Closed ZehaoJin closed 4 months ago

ZehaoJin commented 4 months ago

I have a numpy array of adjacency matrix, such as

array=np.array([[0, 0, 0, 0, 0, 0, 0],
                [1, 0, 0, 0, 1, 0, 0],
                [0, 0, 0, 0, 0, 0, 0],
                [0, 0, 1, 0, 0, 0, 0],
                [1, 0, 1, 0, 0, 0, 0],
                [1, 0, 0, 0, 0, 0, 0],
                [0, 0, 0, 0, 0, 1, 0]])

and I would like to convert it to a causallearn graph object, such as DAG=array2DAG(array) such that is can be applicable to most of causallearn ultility functions, such as

CPDAG=dag2cpdag(DAG)
shd= SHD(ground_truth, CPDAG).get_shd()

What is the easiest way to make that array2DAG function? I was trying this: (simply assign the array to G.graph)

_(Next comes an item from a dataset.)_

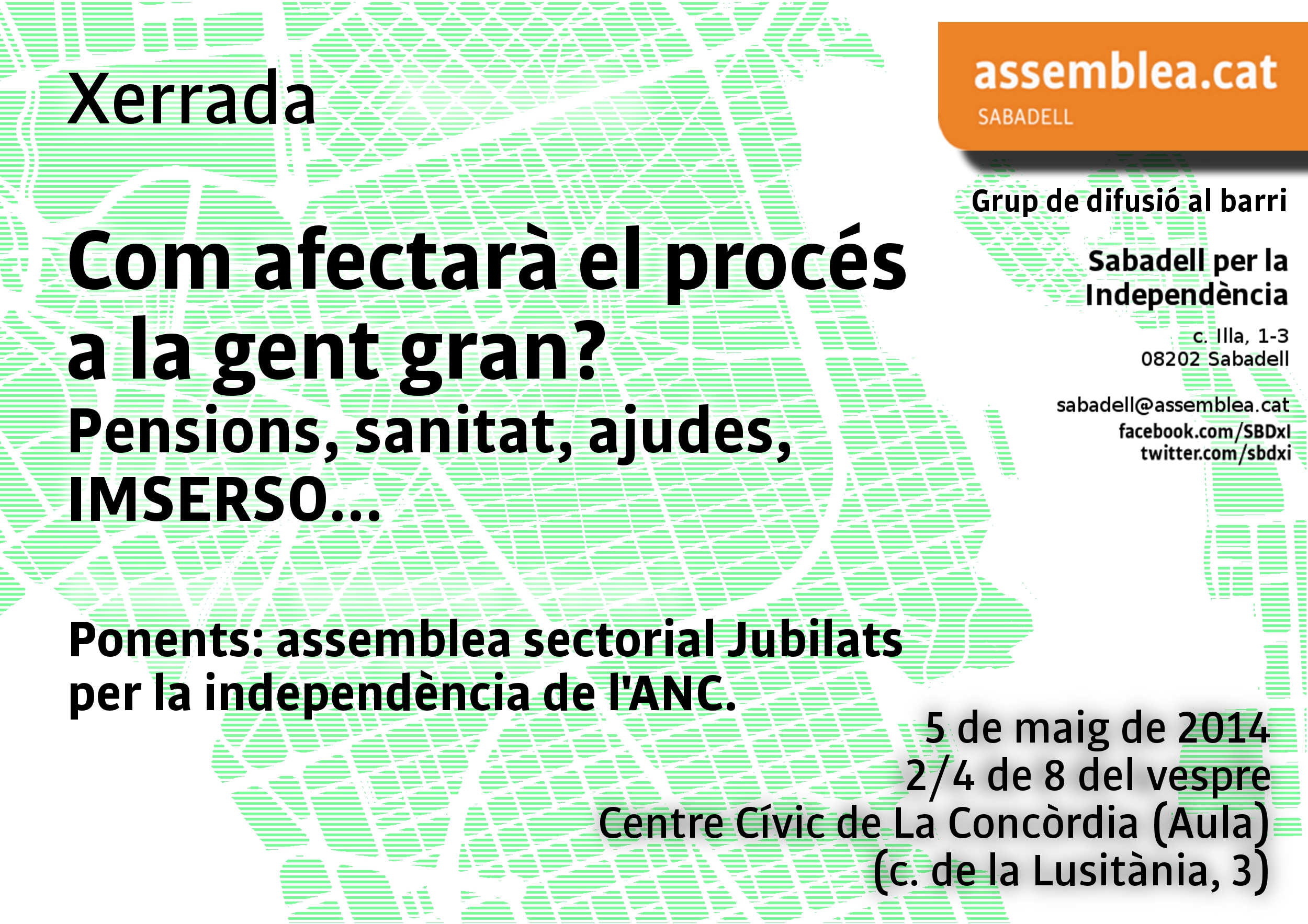 Us convidem a la xerrada Com afectarà el procés a la gent gran? Pensions, sanitat, ajudes, IMSERSO… que farem el dilluns, 5 de maig, aCentre Cívic de la Concòrdia (carrer de Lusitània, 3, Sabadell) a 2/4 de 8 del vespre.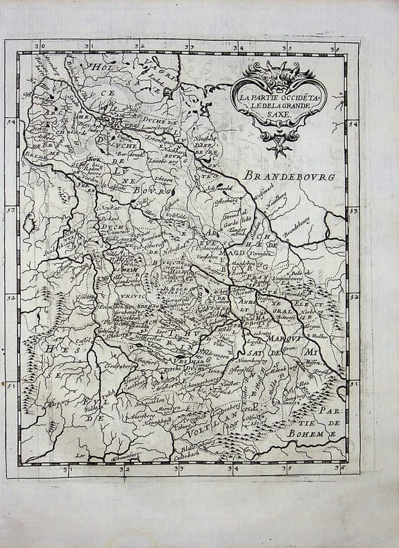 [Philippe Briet, Parallela geographiae veteris et novae] la partie occidentale de la grande Saxe - Allemagne Gravure originale, 1649, environ 240*170mm. Gravure tirée de l'ouvrage du savant jésuite Philippe Briet (1601-1668) publié en 1648-1649. Texte au dos. [435]

cg = CausalGraph(array.shape[0])
cg.G.graph=array
DAG=cg.G

but this didn't work.

ZehaoJin commented 4 months ago

Uhmm I hard coded it out by start with a fully connected graph, and then removing all edges, and then adding edges. Not the most elegant way, but seems to work.

def array2dag(array):
    num_nodes = array.shape[0]
    cg = CausalGraph(num_nodes)
    for i in range(num_nodes):
        for j in range(num_nodes):
            edge1 = cg.G.get_edge(cg.G.nodes[i], cg.G.nodes[j])
            if edge1 is not None:
                cg.G.remove_edge(edge1)

    for i in range(num_nodes):
        for j in range(num_nodes):
            if adjacency_matrix[i,j] == 1:
                cg.G.add_edge(Edge(cg.G.nodes[i], cg.G.nodes[j], Endpoint.TAIL, Endpoint.ARROW))

    DAG = cg.G
    return DAG
kunwuz commented 4 months ago

Yeah, that seems to do the job. We don't have an existing function to do this since the definition of the endpoints might vary in different cases, but it doesn't seem to be a very complicated procedure to transfer.